[Python-Dev] PEP 376 and PEP 302 - allowing import hooks to provide distribution metadata

Paul Moore p.f.moore at gmail.com
Sat Jul 4 16:31:40 CEST 2009


2009/7/4 Paul Moore <p.f.moore at gmail.com>:
> 2009/7/3 Tarek Ziadé <ziade.tarek at gmail.com>:
>> You can give me a bitbucket account so I can give you write access to the repo,
>> There are tests as long as you install Nose.
>
> How do I get the tests to work? Just running nosetests gives an error
> (probably because pkgutil is being imported from the stdlib, rather
> than from this directory).
>
> If I set PYTHONPATH=. then I get errors. I suspect path normalisation
> (for backslashes) in the zipfile handling.

Actually, the test

    assert_equals(list(dist.get_egginfo_files(local=True)),
                  [os.path.join(SITE_PKG, 'mercurial-1.0.1.egg-info/PKG_INFO'),
                   os.path.join(SITE_PKG, 'mercurial-1.0.1.egg-info/RECORD')])

is broken, because the expected value uses slashes, which are *not*
the local separator on win32.

I've attached a patch.

But there's 2 comments I'd make (one minor, one major)

Minor one: The tests often seem to be exercising the internal classes,
not so much the public API, so many of them will probably not be of
much use to me :-(

Major one: I'm not entirely sure what the purpose of the "local" flag
is. With local=True, you are supposed to get a filesystem path in the
local form. But that makes no sense for non-filesystem based loaders
(e.g. zipfiles). So how is a user expected to use the value? With
local=false, you get slash-separated files (which is good, because
it's consistent) which are either absolute (see my earlier comments
about how broken this is in practice) or relative to the "directory"
containing the egg-info file (where this is of course not necessarily
a real filesystem location). But these aren't useful as filesystem
names, because they aren't local format.

So what is the point of the get_installed_files, uses, and
get_egginfo_files functions?
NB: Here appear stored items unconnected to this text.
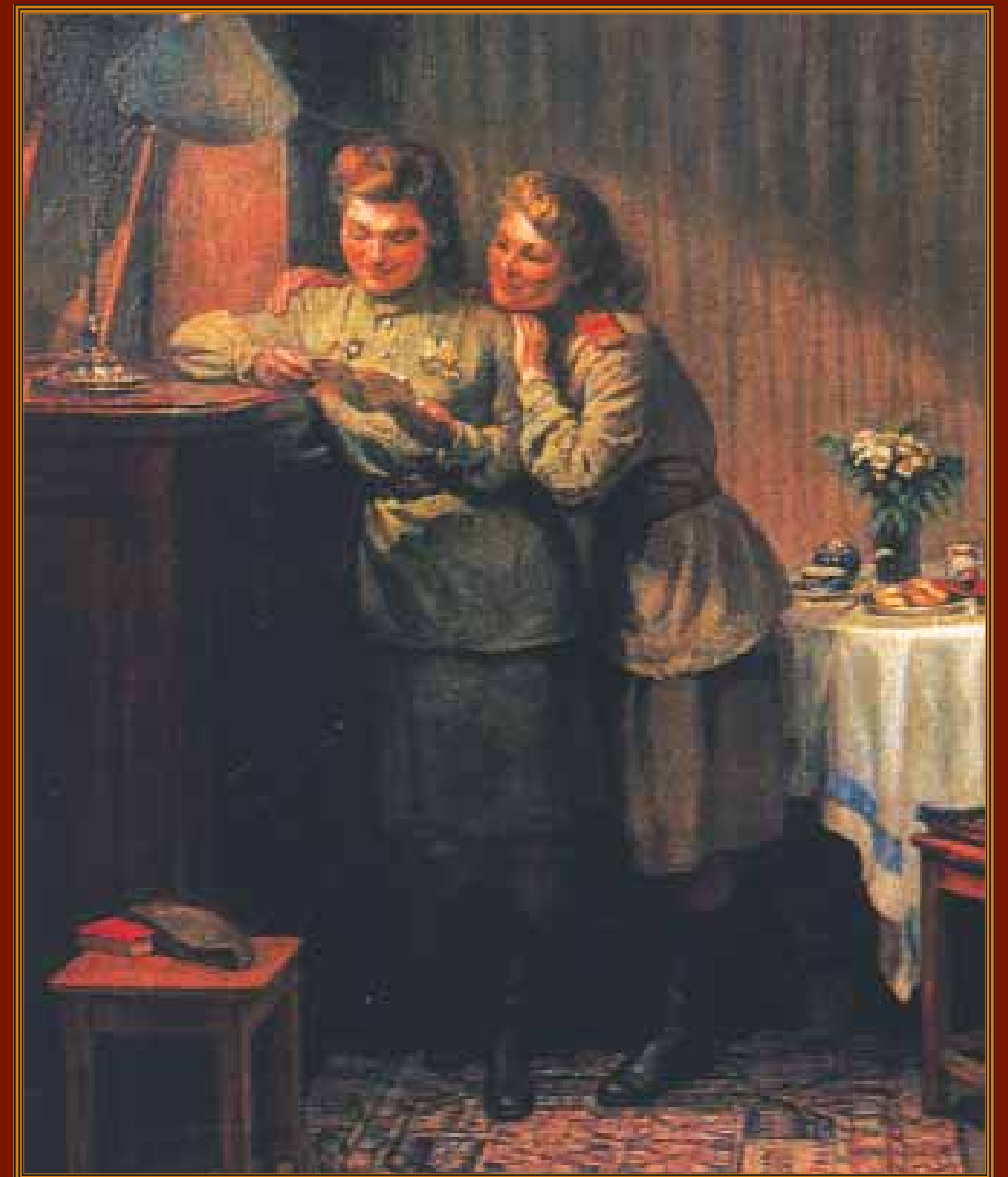
Боевые подруги Художник С.В. Рянгина, 1945 г.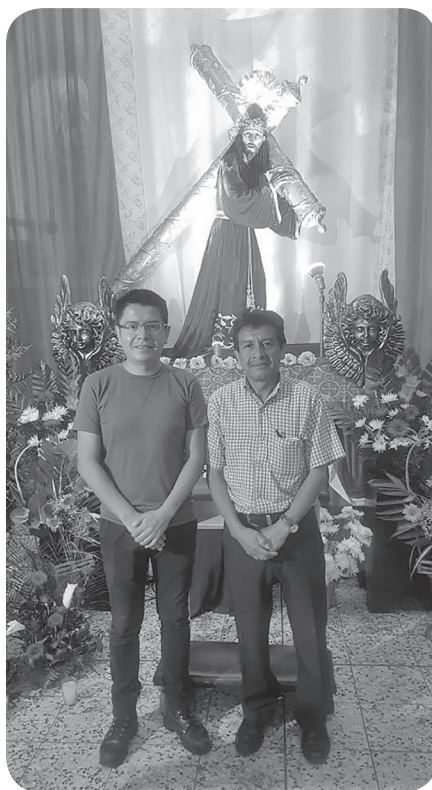
Figura 14 Imagen de los dirigentes del Señor Nazareno Perpetuo protector de la Ciudad de Mixco. (García).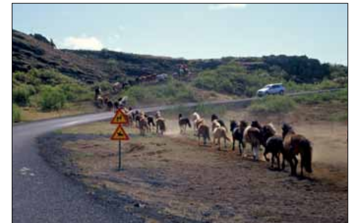
Reiðvegur við Kaldadalsveg (550) hjá Bolabás.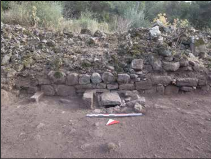
Resim 10: Athena Caddesi kenarında tespit edilen 9 No.lu Sarnıç.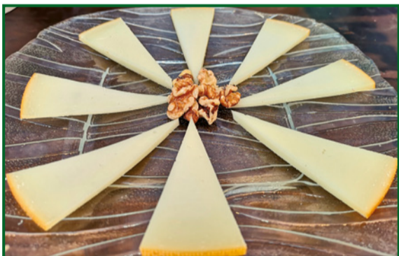
QUESO IDIAZABAL 11,90 Idiazabal cheese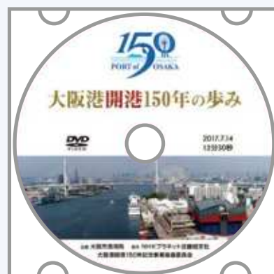
大阪港開港150年の歩み(日本語版)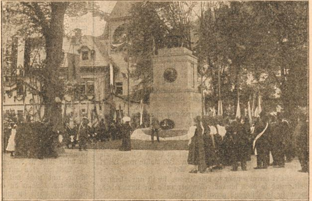
Denkmal-Enthüllung in St. Blasien (Schwarzwald).

Auch für die weltliche Festesfreude ist gesorgt. Der Bauer befördert auf schweren Karren mächtige Bierfässer in die Stadt, und blizblau leuchten die Wirtstische. Eine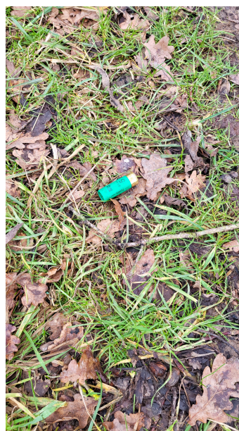
Munition de Plomb de la marque Caccia, retrouvée à Céroux

Pour rappel, le plomb est une matière terriblement toxique pour l'homme, la faune et la flore. C'est la raison pour laquelle son utilisation a été interdite dans l'essence, la peinture et les canalisations. Les munitions au plomb sont déjà interdites dans les zones humides de l'UE et l'Agence européenne des produits chimiques a suggéré d'étendre l'interdiction à tous les habitats.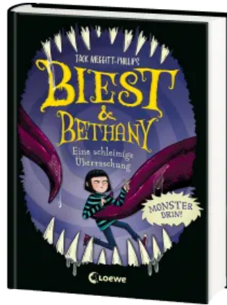
Biest & Bethany (Band 3) - Eine schleimige Überraschung Hardcover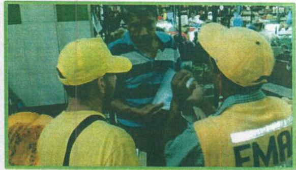
Fotografía 5. Sensibilización en locales ubicados al exterior de la Plaza San Francisco.

¿Qué acciones se vienen desarrollando para el manejo de los residuos sólidos en las inmediaciones de la plaza de mercado Guarín?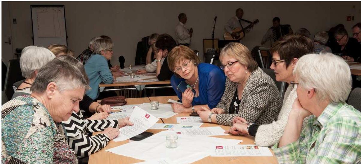
12-RETTE: Ivrige og konsentrerte deltakere under konkurransen.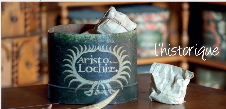
APOTHIKAIRIE DE BAUGÉ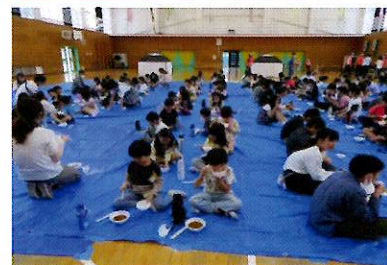
🍳 西小炊き出し訓練の様子です。女性の会は豚汁、PTAの方たちに白米を炊いていただきました。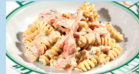
ФУЗИЛЛИ С КРАСНОЙ РЫБОЙ черри, шпинатом и сливочным соусом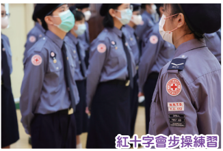
紅十字會步操練習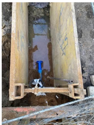
Vodovod V1 – realizace přeložky vodovodního řadu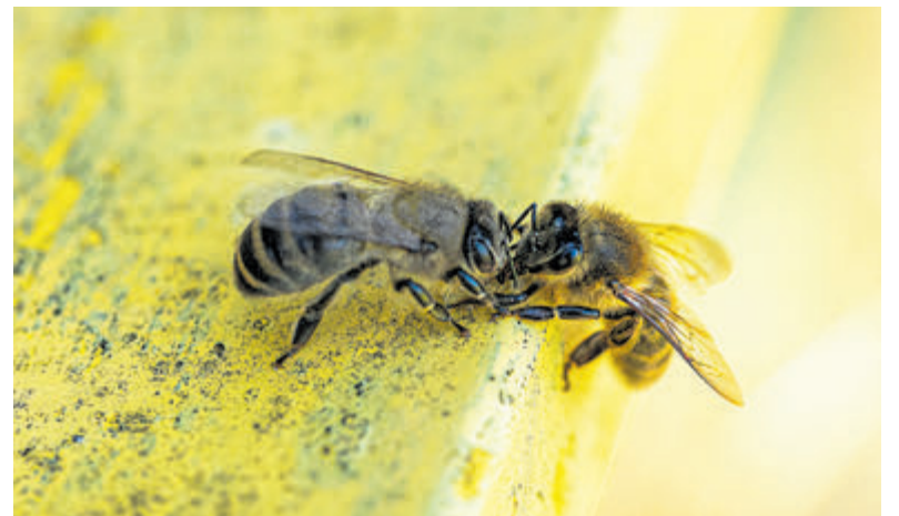
Een bijzonder tafereel: de 'haalbij' (rechts) geeft de nectar over aan een 'huisbij'.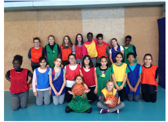
Les filles de l'AS Basket

L'AS Basket est différente de l'OPTION BASKET car elle se déroule le mercredi après-midi ou le midi et est accessible à tous les élèves. Les élèves faisant l'Option basket sont obligés de faire partie de l'AS pour représenter le collège lors des compétitions.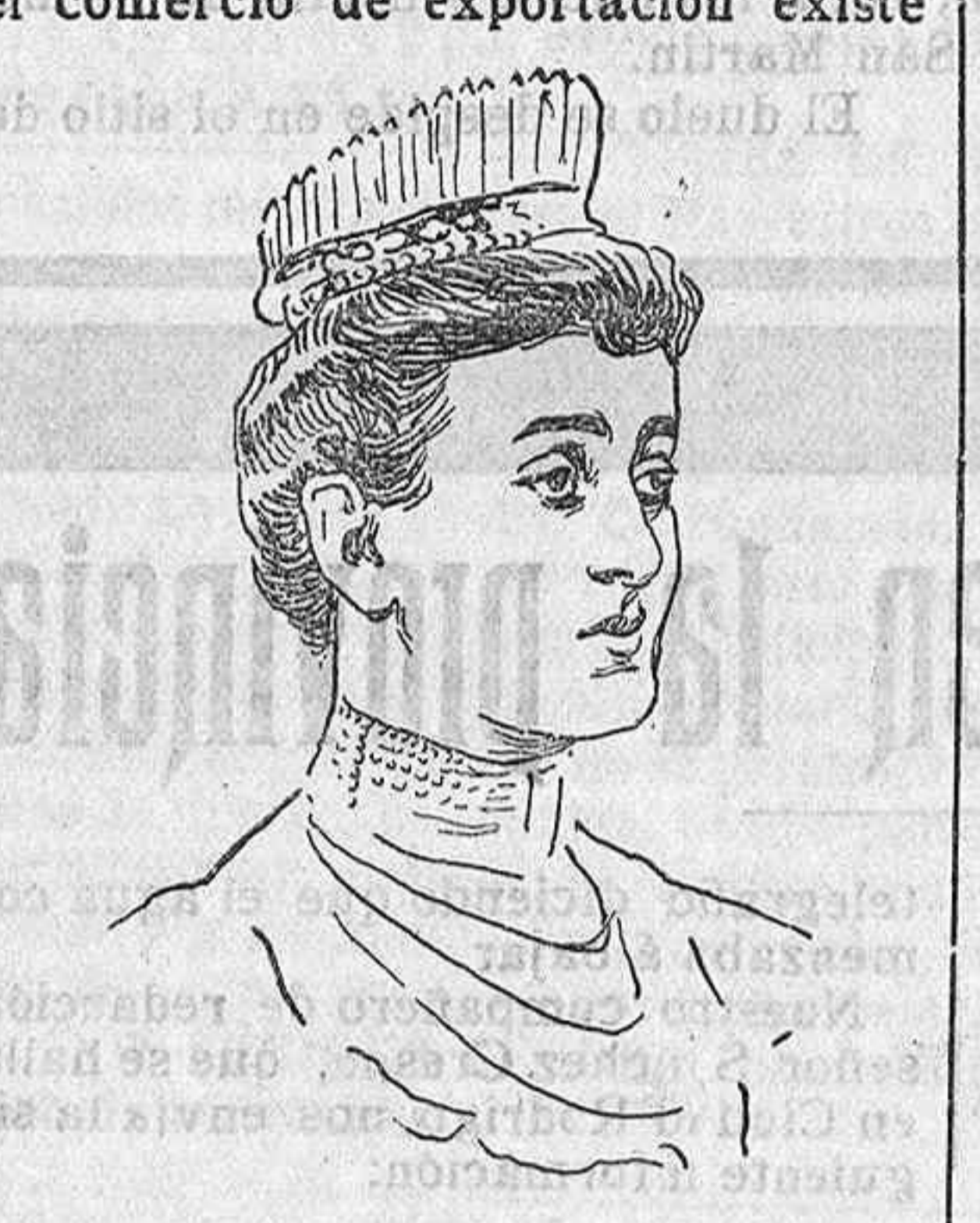
La duquesa de Connaught.

Dado el antagonismo que tanto en la política internacional como en el comercio de exportación existe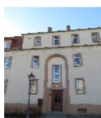
Fotonummer F 09218501 E Aufnahmejahr 2017 Beschreibung Häuserzeile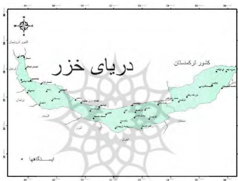
شکل (۱) نقشه پراکندگی ایستگاه‌های منطقه مورد مطالعه (شمال ایران)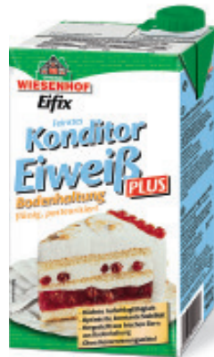
Eiweiss flüssig, pasteurisiert Bodenhaltung EU, Eifix Nr. 2947, P/kg: 5.20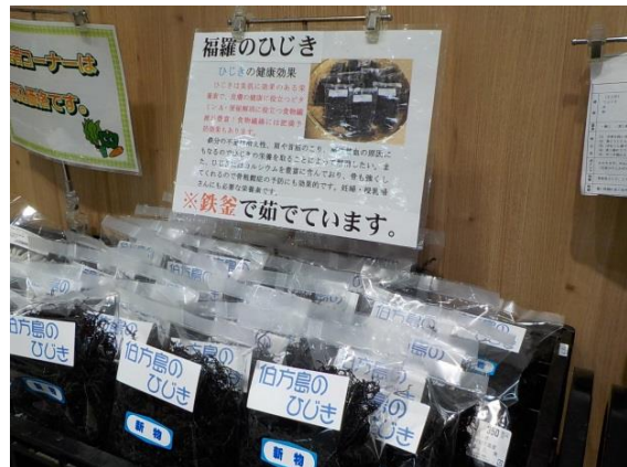
人気商品「福羅のひじき」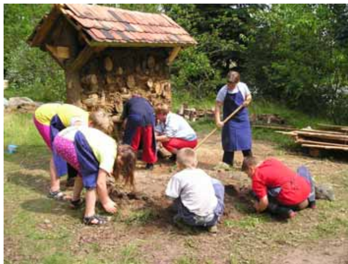
Schüler/innen bauen das Insektenhotel

Zwei Studenten der Universität Potsdam haben über den Naturschutzbund gemeinsam mit den Schülern eine „Bienenralley“ entwickelt, bei der man sein Wissen und seine Sinne testen kann. Dieses Lehrmaterial ist im Naturschutzzentrum angesiedelt und kann dort genutzt werden bzw. auf Anfrage ausgeliehen werden. Inzwischen haben wir unsere schuleigene „Bienerallye“ nachgearbeitet und haben damit ständig Zugriff auf diesen Wissensspeicher. Im Frühjahr 2005 ist ein durch Eltern initiiertes Tastpfad zum Insektenhotel aus wechselnden Bereichen mit Steinen, Zapfen und anderen Naturmaterialien gestaltet worden, der mit geschlossenen Augen und barfuß begangen werden soll.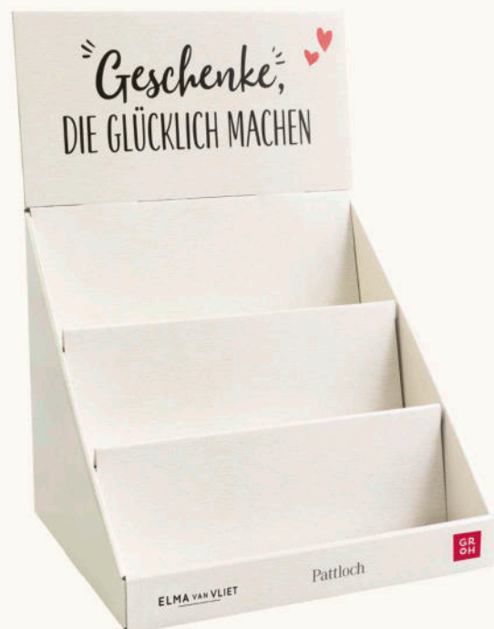
LeerdDisplay Multiformat Maße: (H) 500 x (B) 375 x (T) 310 mm EAN 4036442800607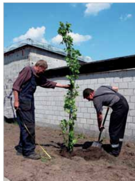
Coraz więcej ładnych roślin

Niestety tak to już jest, niezależnie od tego, czy zadanie dotyczy małej inwestycji, np. budowy 15 m chodnika, czy 1 km trotuaru – wymaga tej samej dokumentacji – precyzyjnych projektów i planów, a także pozwolenia na budowę.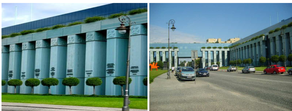
Rys. 2. Sąd Najwyższy w Warszawie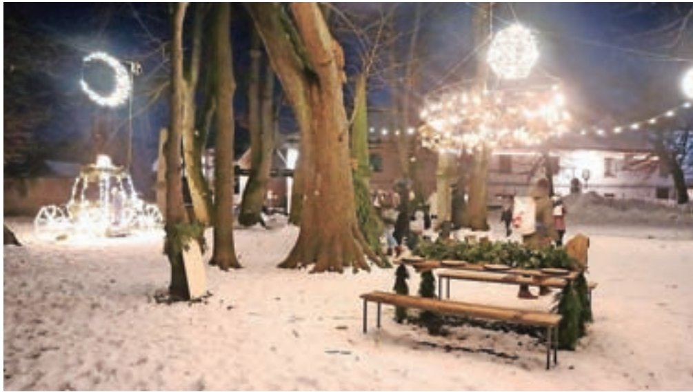
Čarobna decembrska družinska dogodivščina Potep k vilinskemu drevesu popelje po štirih točkah v mestu in se zaključi v pravljicnem parku s kočijo in praznično mizo.

"Na poti iz parka v mesto, ob krožišču pred mestnim jedrom, ne pozabite zaviti v čokoladnico Radolška čoko-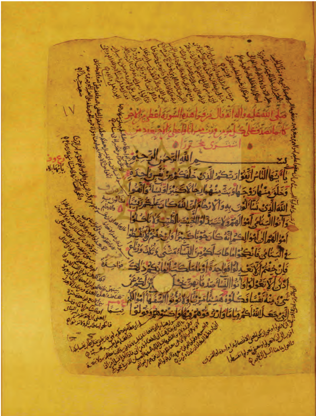
▲ تصویر ۶: آغاز سوره نساء در نسخه آستان قدس رضوی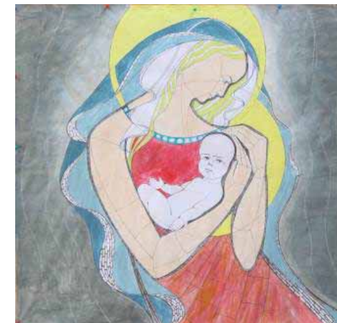
Pracovní návrh mozaiky na fasádu centra od sochaře Petra Váni

Who will use the returned values, and
what for? Where will a user get a value to pass to uses()? Given that
get_egginfo_file takes names relative to the egginfo dir, shouldn't
get_egginfo_files *return* values relative to the same location, so
that they can be used there?

I guess the same type of argument applies with get_inetalled_files()
and uses() - the values returned by get_installed_files can be seen as
a set of opaque tokens (OK, realistically they will be "filenames" in
some sense) which can be passed to uses() - but if they aren't
absolute filesystem paths, you can't compare them. Example:

    distribution a contains file p.py
    distribution b contains file p.py

pkgutil.get_distribution(a).get_installed_files contains 'p.py'
pkgutil.get_distribution(b).uses('p.py') is True

What does this mean? If the 2 distributions are in the same sys.path
element, there's a clash. If not, is there a clash? What if they are
in 2 different directories? What if they are in the same directory,
but it's repeated under different names (e.g. symlinks) on sys.path?
What if one is in a directory and the other in a zip file?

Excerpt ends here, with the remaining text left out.